期刊名称:Proceedings of the National Academy of Sciences
印刷版ISSN:0027-8424
电子版ISSN:1091-6490
出版年度:2021
卷号:118
期号:40
DOI:10.1073/pnas.2018899118
语种:English
出版社:The National Academy of Sciences of the United States of America
摘要:Significance
Bioinformatic analysis revealed that approximately 40% of human messenger RNAs contain upstream open reading frames (uORFs) in their 5′ untranslated regions. Some of these sequences are translated, but the function of the encoded peptides remains unknown. Our study revealed a uORF encoding for a peptide exhibiting kinase inhibitory activity. This uORF, upstream of a PKC family member, possess the typical pseudosubstrate motif, which autoinhibits the catalytic activity of all PKCs. Using mouse models and human cells, we show that this peptide inhibits cancer cell survival, tumor progression, invasion, and metastasis and synergizes with chemotherapy by interfering with DNA damage response. Together, we point to a previously unrecognized function of a uORF-encoded peptide as a kinase inhibitor, pertinent to cancer therapy.

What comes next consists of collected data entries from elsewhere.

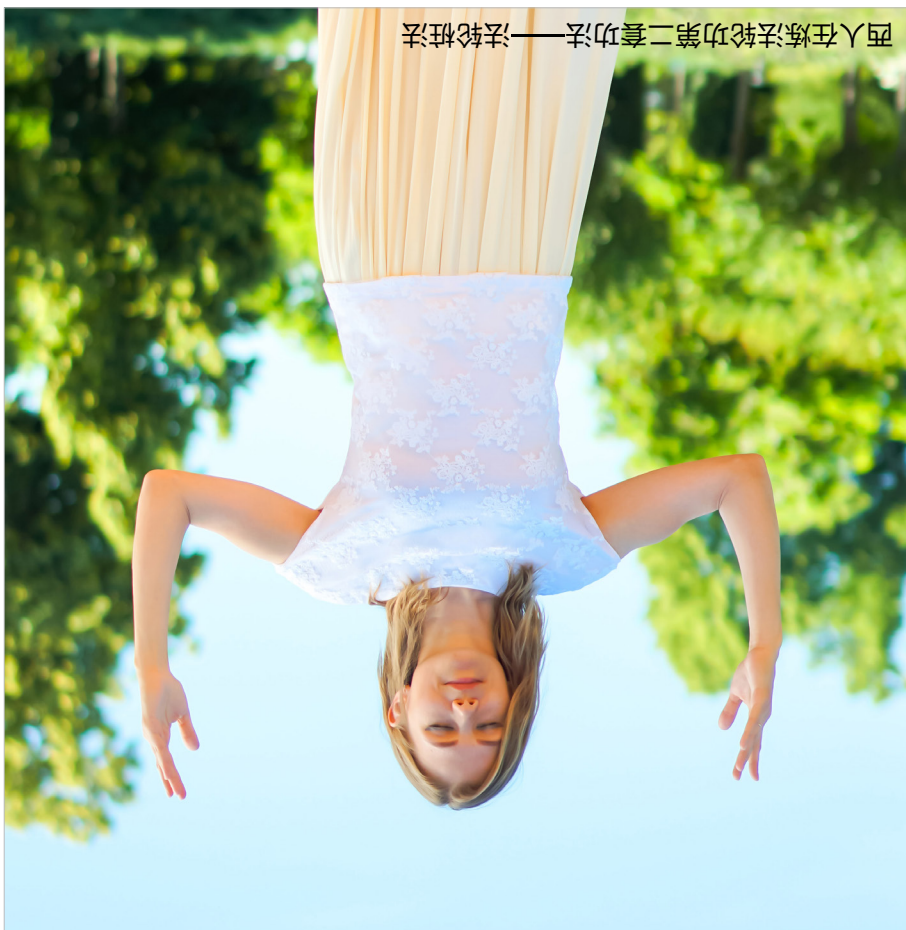
西人在炼法轮功第二套功法——法轮桩法
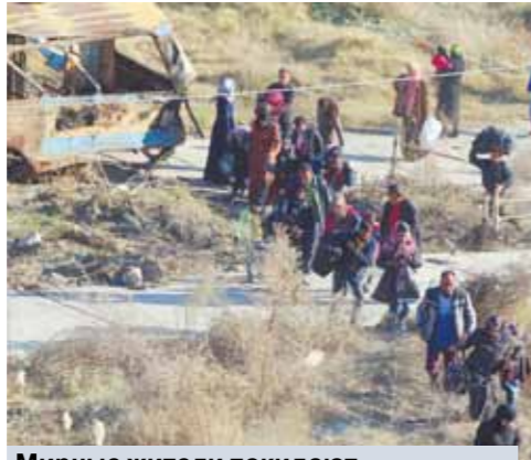
Мирные жители покидают охваченные боями районы Алеппо.

Однако 24 августа, когда турецкие вооруженные ступили на территорию Сирии при поддержке авиации и танков, Эрдоган уверял, что цель операции «Щит Евфрата» — «террористические организации, такие как ИГИЛ» (запрещена в России...)
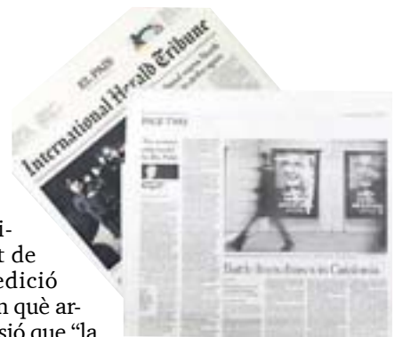
L'article publicat al 'NYT'.

talana està sent motiu d'informació als mitjans de comunicació estrangers. A part de les tensions de l'Estat de les autonomies i els canvis que en la societat catalana ha comportat la sentència del Tribunal Constitucional sobre el recurs que el PP va presentar contra l'Estatut, la premsa de fora s'ha fet ressò dels estirabots xenòfobs que s'han produït.
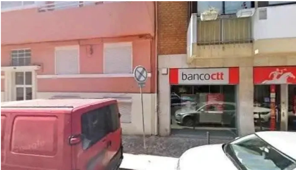
Loja ctt street view e 360deg
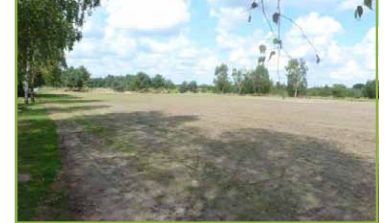
remont boiska w Bukowiniec
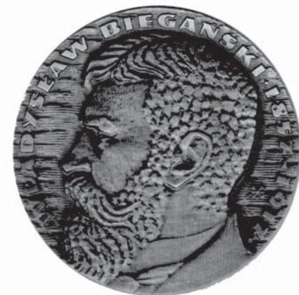
Władysław Biegański. Medal wybity przez Częstochowskie Towarzystwo Lekarskie (awers i rewers)
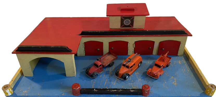
Zonen legetøjsstation i træ. Datering 1950'erne. Fundet af medlem på loppemarked. Tekno-bilerne er fra den bestående samling
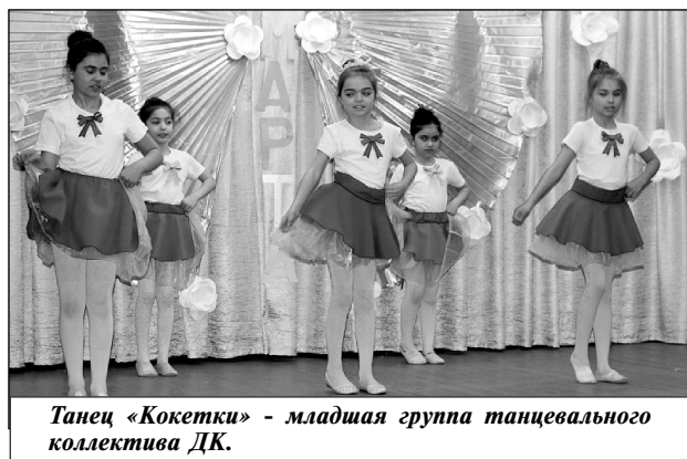
Танец «Кокетки» - младшая группа танцевального коллектива ДК.
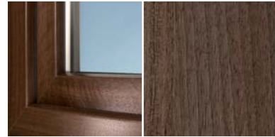
Dekorfolie Siena Noce*1

Komplettiert wird das Standard-Dekor-Sortiment durch 11 weitere Dekore, die eine attraktive Mischung aus Tradition und Moderne bilden. Weitere Dekore als Sonderfoliierung erhältlich.
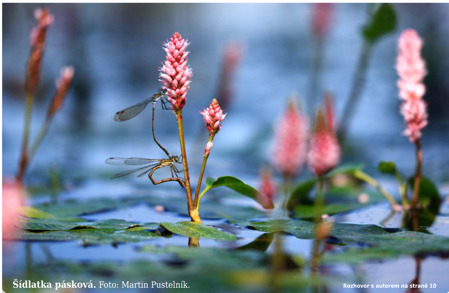
Šídlatka pásková.

Povedl se vám pohledný snímek Staré Bělé? Pošlete nám jej na e-mail starobelsky.zpravodaj@gmail.com . Rádi jej otiskneme. (red)
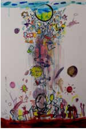
2025 - أكريليك - سم - 150×100
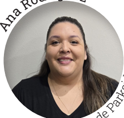
Servicio de Parkside
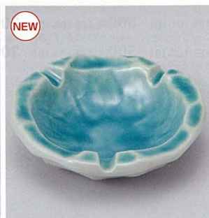
NEW 430-205-511 850円 トルコ貫入 灰皿 (11.9×11.6×3.2) 1143020551
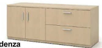
Credenza Modelo KWPBL7220 Medidas: 72"ax20"px29"-30"a CREDENZA CON 2 GVT. TIPO ARCHIVO LATERAL, 2 PUERTAS Y 1 TABULLA INTERIOR
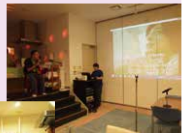
大型スクリーンでカラオケ。 大好評です。
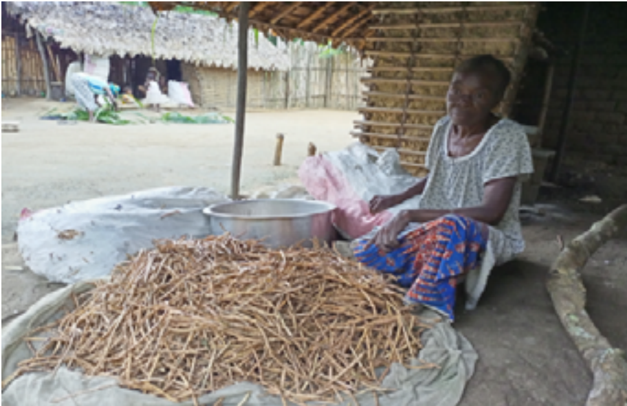
Une femme bénéficiaire et sa récolte de Soja à Kailo, village de Bueni 2 (Maniema)

Le reboisement des espaces dégradés ont eu lieu dans la période de janvier à mars 2024 dans les villages de Cifunzi, Fendula, Caminunu et Bumoga dans le groupement de Kalonge.
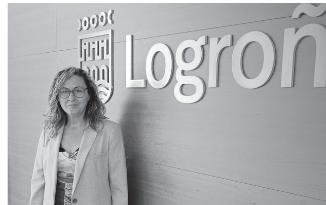
■ La concejala responsable del área de Bienestar Animal, en la presentación del proyecto.

En total, se adecuarán cerca de 17 700 metros cuadrados de espacio público para la ejecución de estas nueve zonas de esparcimiento canino, “que estarán dotadas de los elementos básicos que se han considerado convenientes, como fuentes, árboles, bancos, papeleras, zonas de sombra y de juego, entre otros, siempre teniendo en cuenta las peculiaridades, características y disponibi-
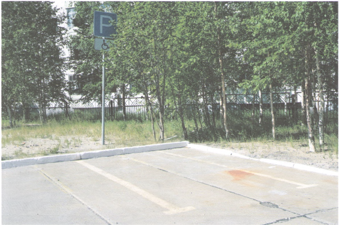
АВТОСТОЯНКА И ПАРКОВКА 1/5
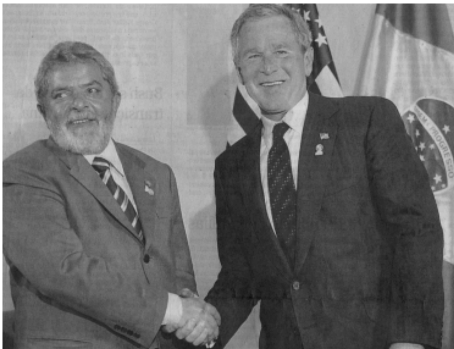
Lula gerente de turno promove a maior derrama da história do Brasil

É, pois, tarefa do proletariado, em aliança com os camponeses pobres, estudantes, intelectuais honestos, mulheres, democratas e revolucionários,
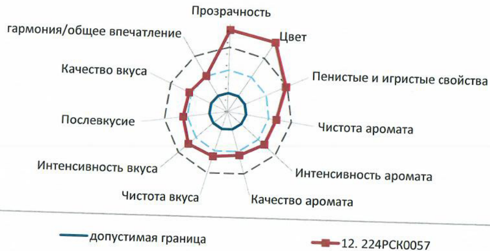
Рис. 2.3. Сравнение качества образцов вина игристого (дегустация 08.09.2021 2сет)

Протокол не может быть воспроизведен полностью или частично без письменного разрешения Руководителя Сенсорной лаборатории. Полученные результаты относятся к предоставленным Заказчиком образцам. Конец выписки из протокола.
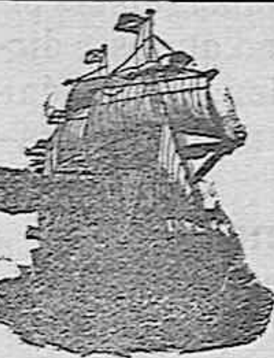
El nuevo y rápido trasatlántico
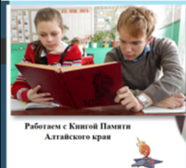
Работаем с Книгой Памяти Алтайского края
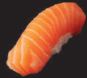
N4. LACHS 3,50€
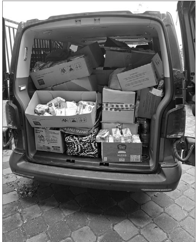
Transport z pomocą rzeczową dla powodzian
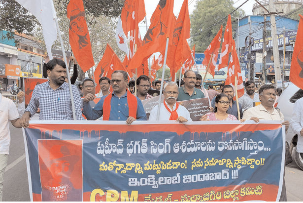
కాప్రా : (మేజర్ న్యూస్) : నేటి యువతరం భగత్ సింగ్ ఆశయా సాధనకు కృషి ఎక్కి చెయ్యాలని అవసరం ఎంతైనా ఉందని మేధుల్ మల్కాజ్గిరి జిల్లా సిపిఎం
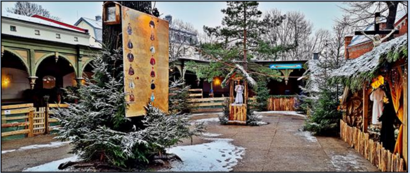
i szopka w krężgankach pielgrzymiego placu w otoczeniu ruchomych figur świecanych i świętych w naturalnej wielkości oraz żywych zwierząt. Tablica z osobami na tablicy w środku placu.
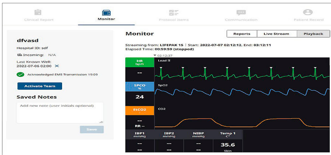
Rycina 2. Podgląd EKG i parametrów pacjenta na platformie streamingowej
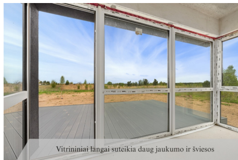
Vitriniai langai suteikia daug jaukumo ir šviesos
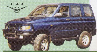
UAZ 3160 TD od 450 000 Kč

ARO zahrnuje 16 modelů ve třech typových řadách.
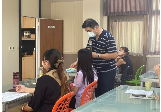
【第二場次研習-老師回饋，並送小禮物】
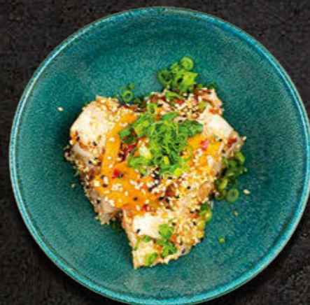
KIMCHI - MAŁA/DUŻA PORCJA Kapusta pekińska, marchewka, rzepa daikon, dymka 15/25 PLN
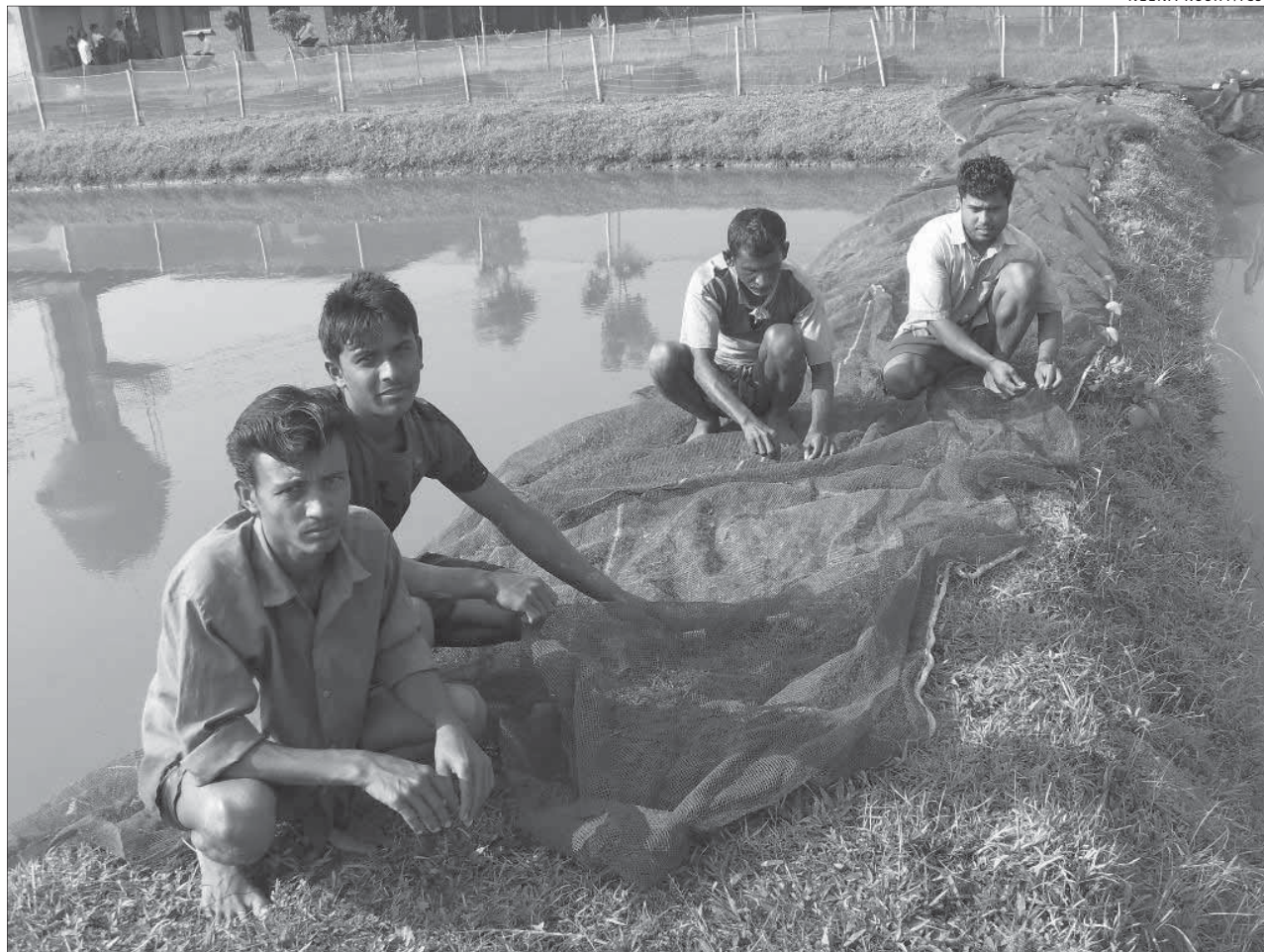
Travailleurs sur un bassin à l'Université agricole du Bangladesh, où l'on expérimente la polyculture avec ajout de petites espèces indigènes
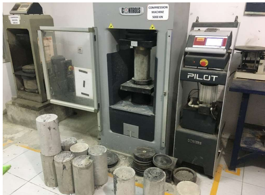
Gambar 16. Mesin uji kuat tekan PT. Waskita Beton Precast
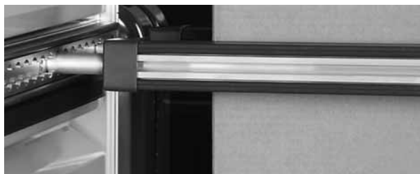
Alu-Spannstange mit Gasdruckdämpfer und Arretiermöglichkeiten
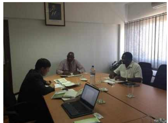
<농업기술지도국 관계자 면담>
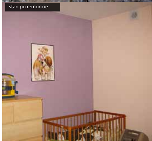
stan po remoncie

do własnych celów. Biotechnologia wykorzystuje te możliwości w zakresie produkcji środków spożywczych (sery pleśniowe President, Valbon, Napoleon, Geramont), antybiotyków (Penicyllina, Ospen, Augmentin, Duomox, Hiconcil, Pipril, Carbenicylina, Sefril, Duracef, Biotraxon, Tarcefoksym, Zinacef), czy innych leków (Vit B2, \beta -karoten, Ergotamina, Gryseofulwina, Cyklosporyna, Lowastatyna)
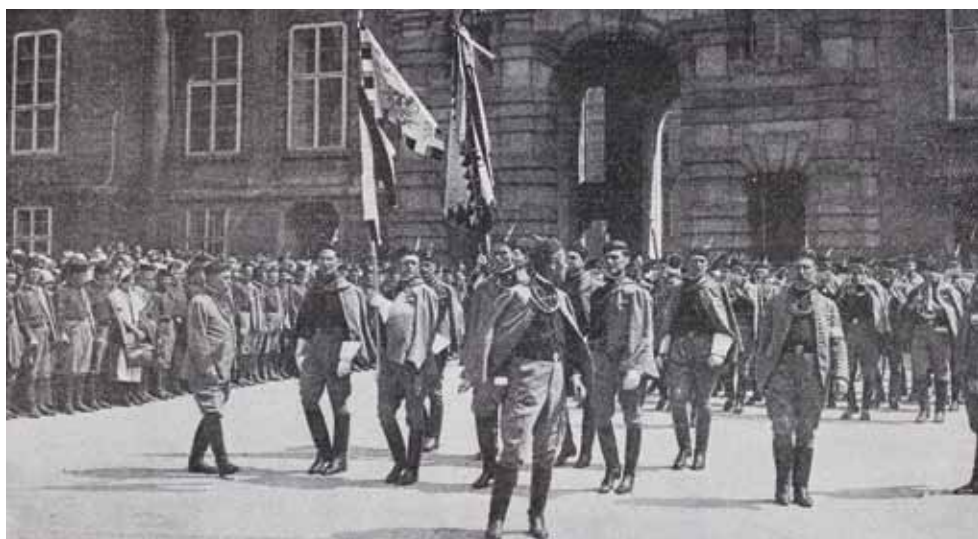
Čestná četa odnáší právě věnovaný prapor T. G. Masaryka
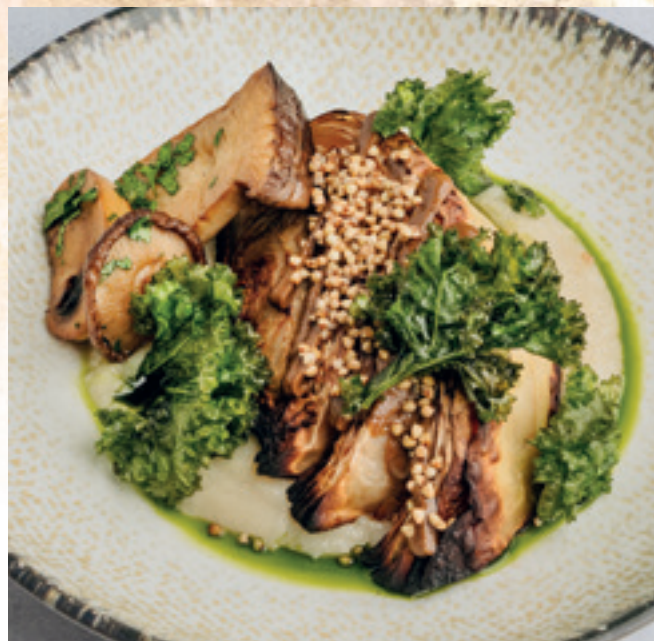
Vegán misos sült káposzta, gombaketchup, pirított gombák, hajdina, ropogós fodroskel
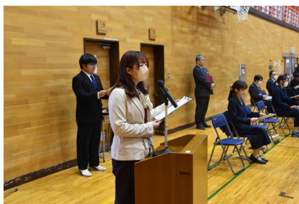
初めての修了生を出した先生
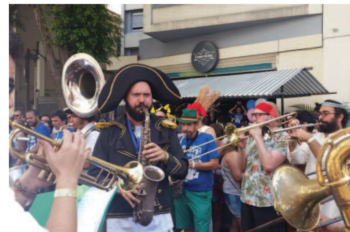
Músicos do Bloco da Charanga do França arrastaram uma multidão

De acordo com o organizador, em janeiro de 2015 o grupo fez o estandarte e camisetas do bloco e tudo aconteceu de forma espontânea. A banda serviu de núcleo, mas quem mais quis participar, tocando algum instrumento ou curtindo a música, foi muito bem-vindo.
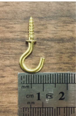
▲フックのサイズ感
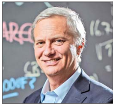
José Antonio Kast (P. Republicano).
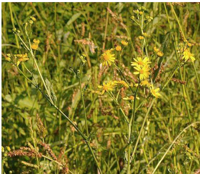
Obrázek č. 20: Vzhled Senecio erraticus Bertol.
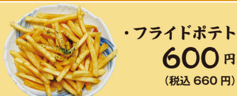
・フライドポテト 600円 (税込660円)
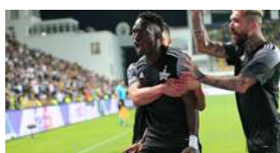
Prima dată în istorie - FC Sheriff participă în grupele UEFA Champions League
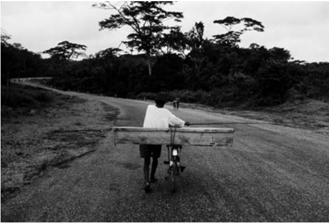
Guerre du Biafra, villageois ramenant un proche défunt, juillet 1968
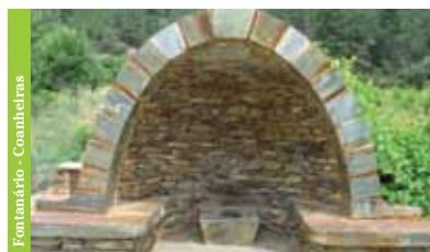
Fontanário - Coanheiras

Approximately 40% of human messenger RNAs (mRNAs) contain upstream open reading frames (uORFs) in their 5′ untranslated regions. Some of these uORF sequences, thought to attenuate scanning ribosomes or lead to mRNA degradation, were recently shown to be translated, although the function of the encoded peptides remains unknown. Here, we show a uORF-encoded peptide that exhibits kinase inhibitory functions. This uORF, upstream of the protein kinase C-eta (PKC-η) main ORF, encodes a peptide (uPEP2) containing the typical PKC pseudosubstrate motif present in all PKCs that autoinhibits their kinase activity. We show that uPEP2 directly binds to and selectively inhibits the catalytic activity of novel PKCs but not of classical or atypical PKCs. The endogenous deletion of uORF2 or its overexpression in MCF-7 cells revealed that the endogenously translated uPEP2 reduces the protein levels of PKC-η and other novel PKCs and restricts cell proliferation. Functionally, treatment of breast cancer cells with uPEP2 diminished cell survival and their migration and synergized with chemotherapy by interfering with the response to DNA damage. Furthermore, in a xenograft of MDA-MB-231 breast cancer tumor in mice models, uPEP2 suppressed tumor progression, invasion, and metastasis. Tumor histology showed reduced proliferation, enhanced cell death, and lower protein expression levels of novel PKCs along with diminished phosphorylation of PKC substrates. Hence, our study demonstrates that uORFs may encode biologically active peptides beyond their role as translation regulators of their downstream ORFs. Together, we point to a unique function of a uORF-encoded peptide as a kinase inhibitor, pertinent to cancer therapy.